見沼くらしっく館:
旧坂東家 今年のお正月

 え〜、昨年は夏の名物「物怪展示」以来くらしっく館のご紹介が途絶えておりまして誠に申し訳ありません。何をしていたんだと言われそうですが、昨年は秋の風水害、越後の地震、年末の大津波と、いろいろあって・・・というような偉そうなことではなく、ただぼんやりしておりました。

 今年の坂東家のお正月飾りでは神棚の注連飾りに添えられた「交譲葉(ゆずりは)」が真っ先に目に入りました。説明書きには「新旧交代、旧年から新年へのバトンタッチにつながる縁起を祝い、新春、正月のお飾りに用いる」とあり、

 ゆずりはや 口にふくみて 筆はじめ

という宝井其角の一句が添えられています。

 今年も見沼くらしっく館は勉強になります。家に帰ってから手元の歳時記をひもとくと、楪(ゆずりは)とも書くようで、「トウダイグサ科の常緑高木。高さは10メートルにもおよぶ。(中略)正月の輪飾りなどに使われる。若葉を食用にする地方もある。新葉が出ると旧葉が落ちるのでこの名がある」と説明されていました。
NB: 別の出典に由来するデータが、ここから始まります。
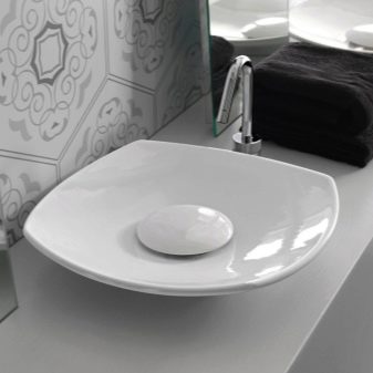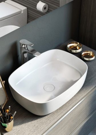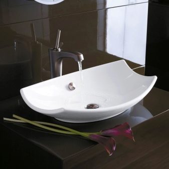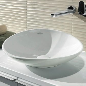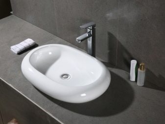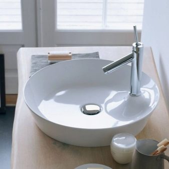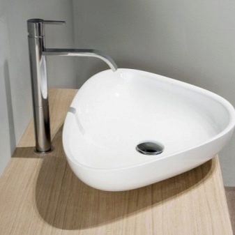 There is a whole classification that is responsible for the variety of shapes of overhead sinks for bathrooms. It includes round (bowl-shaped), oval, triangular, rectangular shell models, as well as models of non-standard and asymmetric shapes. When choosing an overhead sink of a certain shape, you should focus on an existing design in the room.

 つづいて奥の座敷を伺い見ると、床の間の飾りもお正月らしく清々しい掛け軸にお供え餅、両脇には御幣が置かれています。近づいて見ると掛け軸も、お公家さんの装束をしたお侍さん(なんというものを知らない言葉遣い)が弓の手合わせをしているという趣向です。

  

 さて、いつも珍しいものが展示されているショーケースは如何にと移動してみますと、今回は「日本全国土産のお酒 歴史面白酒器展」という、これもお正月らしい展示です。いろいろな歴史上の人物にちなんだお酒の入れ物がずらりと並んでいます。織田信長、徳川家康、真田十勇士、斉藤道三、があるかと思うと会津中将(松平容保)、西郷隆盛まで見飽きのしない歴史群像を眺めることができます。どなたのコレクションでしょうか。集めた方のお話をとっくりと(徳利と?)伺ってみたい気がしました。

 

 まあ、そういうことで今年も旧坂東家住宅見沼くらしっく館にはいろいろと楽しませていただくことになりますので、昨年後半の空白を取り戻すべくレポートに励もうと思います。

あとがき:
 旧坂東家住宅見沼くらしっく館の囲炉裏はいつも赤々と火が燃えていて、鉄瓶で湧かしたお湯で淹れたお茶をいただくことができます。そこにはなんともいえない懐かしいくつろぎがあり、昔の暮らしに思いをはせながらお茶をすすることもここを訪れる人々の楽しみとなっているようです。

 スケジュールのご案内も久しぶりに更新しましたが、今年もいろいろな催し、企画展示が予定されています。なにかお目にとまりましたら是非見沼くらしっく館をお訪ね下さいますよう。